Dear Ace: I have three young children and we have hit every playground in the area. When I was young, instead of playgrounds, we had swings and see-saws. Where have all the see- saws gone? Have there been too many head injuries or what?—Noah Fun
Noah: When Ace was young (well, younger), oh how he loved dragging his best friend out to the playground and see-sawing. His best friend would climb on and wait patiently as Ace slung one leg over and hoisted himself onto the board. Of course, at that point, Ace was still carrying most (read: all) of his baby fat, which accounted for the cartoon-like plummeting of the see-saw to the ground as soon as Ace climbed on. But, that brief “whooshing” of the see-saw was enough to thrill Ace for a lifetime. Or at least until lunch.
Ace caught up with Brian Daly, the assistant director of Parks and Recreation to see where Charlottesville’s hiding the see-saws. Brian said that, in fact, there are see-saws in the area. Specifically, a three-child see-saw at the renovated McGuffey Park which Brian says is “really cool.”

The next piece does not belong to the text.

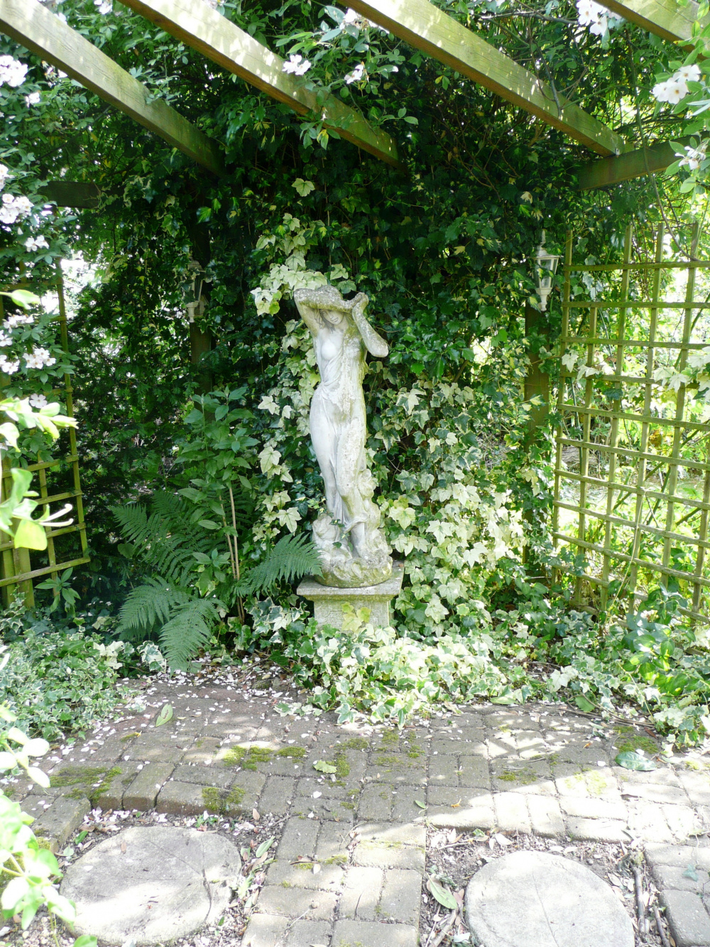 It's a dry and shady area, but the 2 types of ivy and ferns seem happy enough and makes a nice backdrop for the statue.

Of course, Brian also said that there aren’t many see-saws around anymore because, quite frankly, kids don’t think they’re that fun. Playground activities these days are geared more toward climbing and physical activity—things that combat childhood obesity. Also, educational activities—like talking into tubes that run the length of the playground to communicate with children on the other side—are popular.
As for a correlation between head injuries caused by see-saws and their mysterious disappearance from the playground scene, Brian couldn’t definitively say. He did confirm that there have been many severe injuries and deaths as a result of unsafe playgrounds, but in the 1990s, massive changes were made to playground safety regulations. For instance, you’ll no longer see a swingset attached to a climbing tower structure. “A child will come down the slide, run in front of a child on the swings and get hit by the swing,” Brian told Ace.
Each play unit has a “safety zone” associated with it. The regulations even account for such bizarre (yet, Ace realizes, necessary) factors as “depth of wood carpet mulch.” In case you’re wondering, the depth of the mulch is determined by the height of the structure that stands on it and how much shock absorption it would require if, say, a chubby future investigative reporter were to fall from the top. Ace didn’t have to ask Brian the answer to that one; he already knew it was a lot.